Using Zero-Knowledge Proofs to prevent spam in erasure coding

Various approaches to prevent spam have been listed in specs. A more generic question on the same was also posted at How is spam prevented in Marlin?.

Marlin splits blocks into erasure-coded chunks to ensure that blocks are propagated through the network despite the presence of malicious actors. As an individual relayer can’t detect if a chunk is from a valid block just by looking at a single chunk, a malicious source may publish an invalid block which may spam the network. Staking or producer payments might be insufficient to thwart externally motivated actors. To ensure such malicious sources are penalized/make griefing costly, it is necessary to prove on-chain that the published set of chunks are invalid.

A Naive way of solving this problem is to reconstruct the block from erasure-coded chunks on a smart contract and slash the source. This approach is limited by the amount of data smart contracts can handle.

Current Gas Limit in Ethereum = 10 million gas

Gas per byte of call data (Post EIP 2028) = 16 gas/Byte

Max calldata that can be sent to a smart contract = 10000000/16 = 625 KB

As calculated above the maximum calldata size is 625 KB which is less than the size of a bitcoin block ignoring any increase in size due to erasure coding. Hence it will not be feasible to directly reconstruct block on a smart contract.

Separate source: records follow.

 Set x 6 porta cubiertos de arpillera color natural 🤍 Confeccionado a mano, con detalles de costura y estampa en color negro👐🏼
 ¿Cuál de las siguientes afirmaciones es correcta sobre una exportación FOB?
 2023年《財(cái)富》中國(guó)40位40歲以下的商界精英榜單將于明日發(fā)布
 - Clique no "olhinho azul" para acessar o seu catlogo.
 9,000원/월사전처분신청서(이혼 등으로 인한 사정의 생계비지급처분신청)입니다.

We have explored multiple approaches and scaling techniques available which are listed below

  • Optimistic Rollups: Optimistic Rollups are useful to reduce the compute performed onchain but the input data should still be pushed onchain for availability of the transaction data. This is not possible as we have seen above the block sizes might be higher than the maximum input data that can be sent to Ethereum.
  • Plasma: Plasma chains might support a higher gas limit compared to the base chain but it is still hard to send the input as a block of other blockchain which can be arbitraryly large.
  • State Channels: Assuming existence of state channel tech which can support arbitrary computations. In case of conflicts the data has to be verified onchain which leads us back to same problem of pushing block data onchain.
  • Truebit: Trubit can solve the computational aspect of the onchain verification but similar to other techniques it is also prone to sending the block data onchain.

ZkSnarks might be a valid approach to solve the problem. In case of ZkSnarks, the input can be private data and hence need not be published onchain and only the hashes of the chunks could be published. The proof size and verification time is O(1) which ensures that the proof can be verified on the smart contract for a reasonably large number of chunks.

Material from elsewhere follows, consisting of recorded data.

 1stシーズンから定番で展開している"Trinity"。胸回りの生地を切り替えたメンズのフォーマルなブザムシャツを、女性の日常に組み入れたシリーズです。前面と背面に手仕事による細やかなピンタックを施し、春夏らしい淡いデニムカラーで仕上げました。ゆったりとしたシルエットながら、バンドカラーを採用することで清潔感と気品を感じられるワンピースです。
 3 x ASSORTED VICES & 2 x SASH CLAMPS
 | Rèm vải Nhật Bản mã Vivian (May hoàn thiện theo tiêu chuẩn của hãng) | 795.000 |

The challenge with this approach is that as we might have to perform a significant number of operations to create a hash, the ZkSnark circuit size blows up. As an estimate, around 57000 constraints are necessary for generating a hash using Zokrates. This is a significant issue as we want to verify the transaction Merkle tree where we need to perform a significant number of hashes based on the number of transactions in the tree. So as the number of constraints blows up, the proof generation time also increases.

We have to look at ways to decrease the proof generation time by finding an efficient algorithm and accelerating compute perhaps using GPU and ensure that it can be performed on consumer-grade hardware.